Jo Ingold FIEP, Associate Professor, Deakin Business School

It feels like it’s been a long wait for significant announcements about employment programmes to address the impending Covid unemployment crisis. Kickstart has, in general, been greeted positively as an important step in this.

Targeted at 16-24 year olds who are job-ready, Kickstart is a wage subsidy scheme that covers 25 hours per week at the National Minimum Wage plus £1,500 for training and set up plus employer National Insurance Contributions. An ambitious target of 250,000 or more placements has been set, more than previous, similar initiatives.

Employers also need to be able to offer at least 30 individuals placements. Alternatively, they need to get together with other employers to provide 30 placements as a group. Additionally, employers have to commit to provide support to young people to look for long-term work, CV preparation and training.

Obstacles to be overcome to get businesses on-board

Stimulating job creation is certainly to be applauded and it is an element that has largely been missing from UK labour market policy over the past few decades. However, research evidence and experience from practice suggests that are likely to be obstacles to be overcome to get businesses on-board.

We know from evidence that initiatives that sound convincing to policymakers do not automatically translate into compelling offers for businesses. Promotional material coached in programme language, not business language, turns employers off and makes it hard for them to see the value proposition.

I have long argued for the importance of the demand-side in the design, commissioning and delivery of employment and skills programmes. My comparative data show that employer engagement in programmes in the UK on an ongoing basis is low.

However, this is often overlooked by policymakers, who assume employer predisposition towards programme offers. We know that employers have historically had positive experiences with Jobcentre Plus but latterly this appears patchy and, in many cases, employers will need to be convinced to engage.

It needs to be made as easy as possible for employers to quickly find out the benefits of Kickstart for their business. My research shows that many businesses are keen to ‘give young people a chance’ but it also needs to be made simple for them to engage.

Smaller businesses are likely to be left out in the cold

At a time when business models are being pivoted to respond to the challenges of the Covid context, the Kickstart scheme may be a relatively easy sell to businesses who are already confident of the direction of their business and their workforce needs.
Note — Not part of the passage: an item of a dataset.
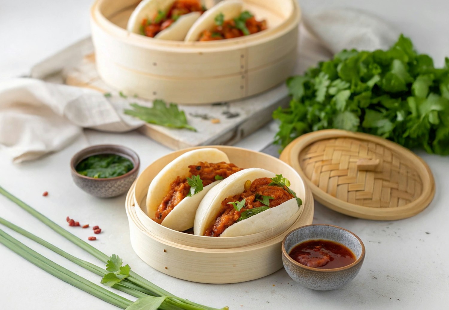 Delicious bao buns with savory filling, served in a bamboo steamer with fresh herbs and dipping sauces, perfect for a flavorful meal.

The requirement to offer 30 or more placements is likely to appeal mainly to large businesses with well-resourced HR departments which have a handle on workforce planning. However, businesses who are not in either of these positions will need to be approached in a much more consultative manner to identify their needs.

Additionally, smaller businesses, who are likely to benefit from the ‘hand-up’ of Kickstart will not be able to engage without partnering with other organisations. This relies on good partnerships and networks. In our research we found that, where employers were part of business networks both formal (such as employer associations) and informal, relationships were strong.

But many smaller businesses are likely to be left out in the cold. We also know that smaller businesses prefer face-to-face contact and are likely to struggle with the resource implications of self-organising online amidst more pressing daily business priorities.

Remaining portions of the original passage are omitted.